Neural Networks: From Perceptrons to GPT

The Origins (1957–1969)

  • Frank Rosenblatt (1957) introduced the Perceptron, the first implemented artificial neural network. It was able to learn simple classification tasks, and initially generated strong enthusiasm.
  • Minsky and Papert (1969) published Perceptrons, where they demonstrated the mathematical limitations of single-layer perceptrons. Problems such as the XOR function or the recognition of global structures could not be solved. This marked the beginning of the first AI winter for neural networks.

Towards Multilayer Models (1970s–1980s)

  • Alexey Ivakhnenko (1965) developed the Group Method of Data Handling (GMDH), considered one of the first multilayer networks.
  • Paul Werbos (1974) introduced the algorithm of error backpropagation in his doctoral dissertation. However, his contribution was not immediately recognized.
  • The situation changed in 1986, when David Rumelhart, Geoffrey Hinton, and Ronald Williams demonstrated that backpropagation could effectively train multilayer networks. This marked the relaunch of neural networks as a research field.

Deep Learning Foundations (1990s–2000s)

  • Yann LeCun (1998) developed LeNet-5, a convolutional neural network (CNN) for handwritten digit recognition.

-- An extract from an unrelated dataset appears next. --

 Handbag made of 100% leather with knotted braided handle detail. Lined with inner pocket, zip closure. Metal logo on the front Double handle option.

This was a crucial step in computer vision.
  • In 2006, Geoffrey Hinton and colleagues proposed methods for training deep belief networks, which contributed to the establishment of the term deep learning and opened the way to networks with many hidden layers.

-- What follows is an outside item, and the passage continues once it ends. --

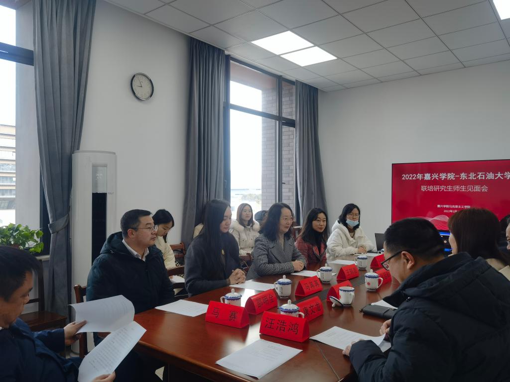 王鹤岩经理感谢嘉兴公司四年来为两校培养了优秀研究生,并表达了联培模式对东北石油大学公司产品的意义和作用。副书记马苒苒详细介绍了2020级5位联培研究生情况,并就联培研究生的党员发展和培养、综合素质测评等研究生教育管理工作做了交流。
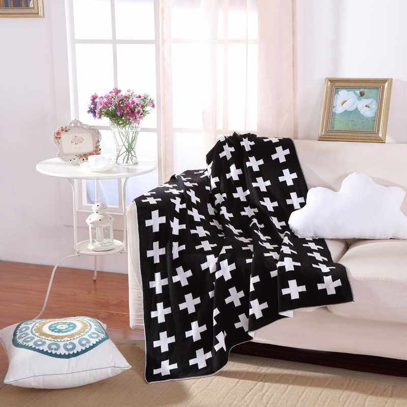 厂家 儿童十字纯棉针织线毯沙发盖毯INS爆款婴儿毯

The Revolution of the 2010s

  • AlexNet (2012), developed by Alex Krizhevsky, Ilya Sutskever, and Geoffrey Hinton, achieved a decisive breakthrough in the ImageNet competition, surpassing traditional methods and demonstrating the power of deep neural networks.
  • Ian Goodfellow (2014) introduced Generative Adversarial Networks (GANs), a new paradigm for generative modeling.
  • In 2017, Vaswani et al. proposed the Transformer architecture in the paper Attention Is All You Need. This model soon became the foundation for modern large language models (LLMs).

Large Language Models (2018–2025)

  • OpenAI GPT series (2018–2020) scaled the Transformer architecture to unprecedented sizes. GPT-2 demonstrated surprising fluency in text generation, while GPT-3 (175B parameters) introduced few-shot learning capabilities.
  • In 2022, ChatGPT (GPT-3.5) brought conversational AI to the mainstream.
  • In 2023, GPT-4 introduced multimodality, enabling the model to process both text and images.
  • By 2025, the state of the art consists of multimodal LLMs, integrating text, images, audio, and external tools, with increasing applications in education, science, and society.

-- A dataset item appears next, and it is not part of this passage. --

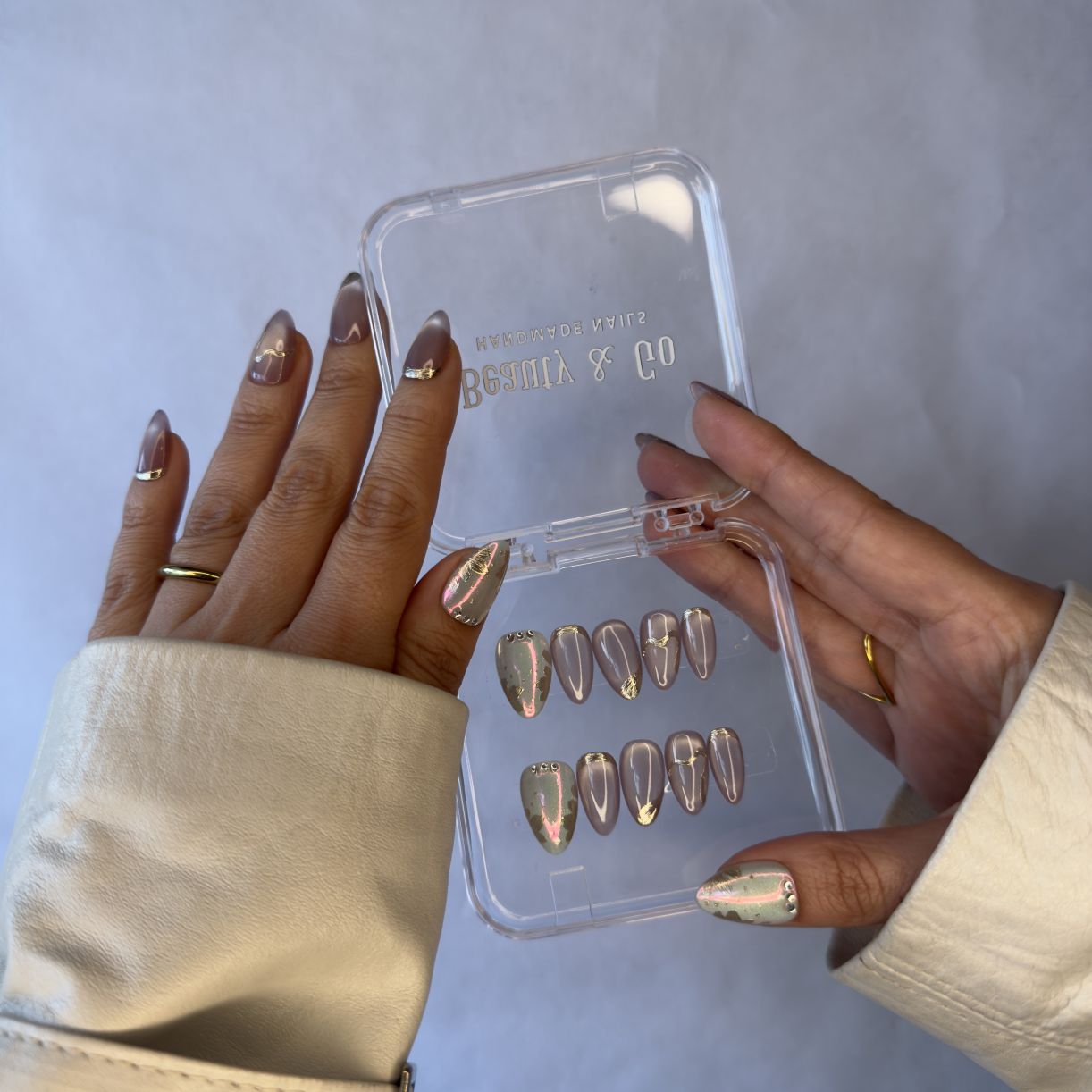 2. Pegar: Aplica una capa uniforme de pegamento en las uñas naturales y en la parte posterior de las uñas Beauty & Go.

References for Further Study

  • Rosenblatt, F. (1958). The perceptron: A probabilistic model for information storage and organization in the brain. Psychological Review, 65(6), 386–408.
  • Minsky, M., & Papert, S. (1969). Perceptrons: An introduction to computational geometry. MIT Press.
  • Werbos, P. J. (1974). Beyond regression: New tools for prediction and analysis in the behavioral sciences (Doctoral dissertation, Harvard University).
  • Rumelhart, D. E., Hinton, G. E., & Williams, R. J. (1986). Learning representations by back-propagating errors. Nature, 323(6088), 533–536.
  • LeCun, Y., Bottou, L., Bengio, Y., & Haffner, P. (1998). Gradient-based learning applied to document recognition. Proceedings of the IEEE, 86(11), 2278–2324.
  • Hinton, G. E., Osindero, S., & Teh, Y. W. (2006). A fast learning algorithm for deep belief nets. Neural Computation, 18(7), 1527–1554.
  • Krizhevsky, A., Sutskever, I., & Hinton, G. E. (2012). ImageNet classification with deep convolutional neural networks. NeurIPS, 25, 1097–1105.
  • Goodfellow, I., et al. (2014). Generative adversarial nets. NeurIPS, 27, 2672–2680.
  • Vaswani, A., et al. (2017). Attention is all you need. NeurIPS, 30, 5998–6008.
  • Brown, T. B., et al. (2020). Language models are few-shot learners. NeurIPS, 33, 1877–1901.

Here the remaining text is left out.